A bandeira dos EUA foi baixada a meio-mastro na Casa Branca, em todos os prédios públicos de Washington, nas bases militares espalhadas pelo país e pelo exterior e em navios norte-americanos em missão. “Os corações meu e de Jill (primeira-dama) estão machucados. Estamos com as famílias que perderam seus entes queridos”, declarou. A última vez que um soldado dos Estados Unidos morreu no Afeganistão foi em fevereiro do ano passado.

O ex-presidente dos EUA Donald Trump mandou um recado indireto ao sucessor. “Esta tragédia nunca deveria ter sido permitida, o que torna a nossa dor ainda mais profunda e difícil de entender”, reagiu, ao enviar “as mais profundas condolências às famílias de nossos brilhantes e corajosos membros do serviço militar”.

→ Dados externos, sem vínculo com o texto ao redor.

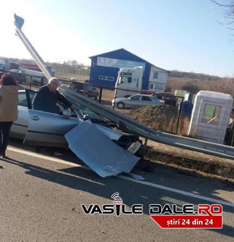 Cu toate ca autoturismul VW nu trecuse de axul drumului, celalalt sofer a acrosat oglinda acestuia iar apoi a pierdut controlul izbindu-se violent in parapetul metalic de protectie din stanga directiei de mers.
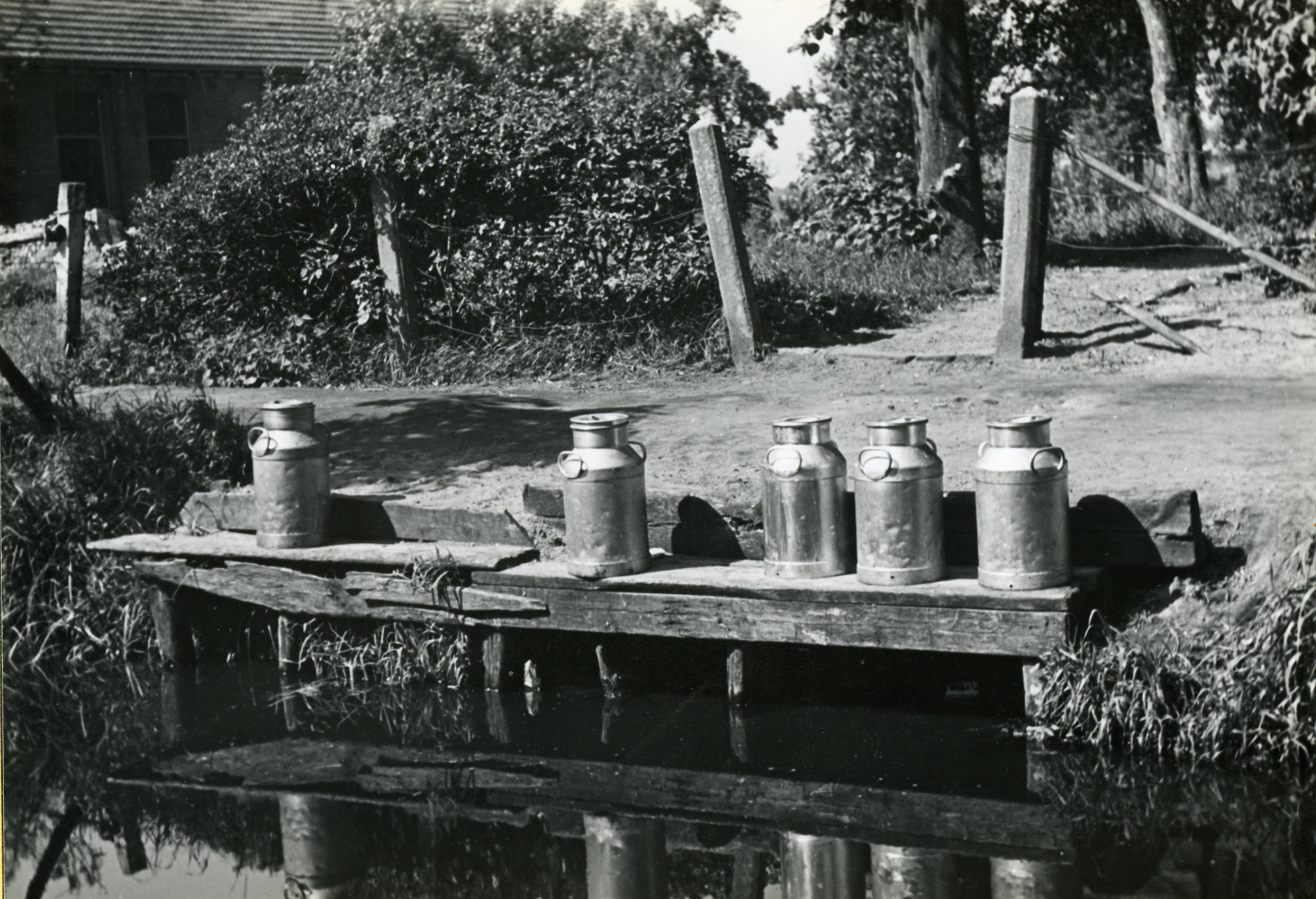 Steiger met melkbussen, Giethoorn, 1947 (zwart-wit f...

Para Bruce Ackerman, professor de direito e de ciência política da Universidade de Yale, o duplo atentado de ontem representa uma vitória de curto prazo para Biden. “A mídia não mais retratará cenas dramatizando a situação no aeroporto. Em vez disso, enfatizará o ‘forte’ contra-ataque, em retaliação aos terroristas”, avaliou ao Correio. “Em um ou dois meses, essa resposta ‘contundente’ pode ser a impressão duradoura que os eleitores tirarão de todo o episódio, levando a uma recuperação substancial de apoio entre os centristas angustiados pela aparência anterior de ‘fraqueza’ de Biden.”

Caos

Depois da primeira explosão, diante do aeroporto de Cabul, Ali Hassani relatou uma troca intermitente de tiros durante oito minutos. “Os soldados dos Estados Unidos ficaram assustados, ficaram de pé sobre os tanques e lançaram gás lacrimogêneo sobre as pessoas que se amontoavam nas imediações do portão. Nessa confusão, mulheres e crianças também ficaram feridas”, lembra.

Poucas horas antes do ataque, a estudante Aisha Ahmed, 22, recebeu uma mensagem da amiga Tahmina, que tentava entrar no aeroporto, na esperança de fugir do regime imposto pelo Talibã. “Olá. Nós não iremos a nenhum outro lugar. Ficaremos aqui, mesmo que morramos”, disse Tahmina, uma das 60 vítimas do ataque.

O médico Sayed Ibrahim Sadat, 36, afirmou à reportagem que estava perto do Portão Abbey quando escutou um barulho parecido com tiros. “Vi uma grande explosão, a uns 100m de onde me encontrava. As pessoas choravam muito e gritavam ‘Allahu Akbar!’ (‘Deus é grande!’) e ‘Por favor, nos ajudem!’. Todos ficamos desesperados. A multidão era tão grande que vítimas foram arremessadas para dentro de um canal de esgoto”, relatou.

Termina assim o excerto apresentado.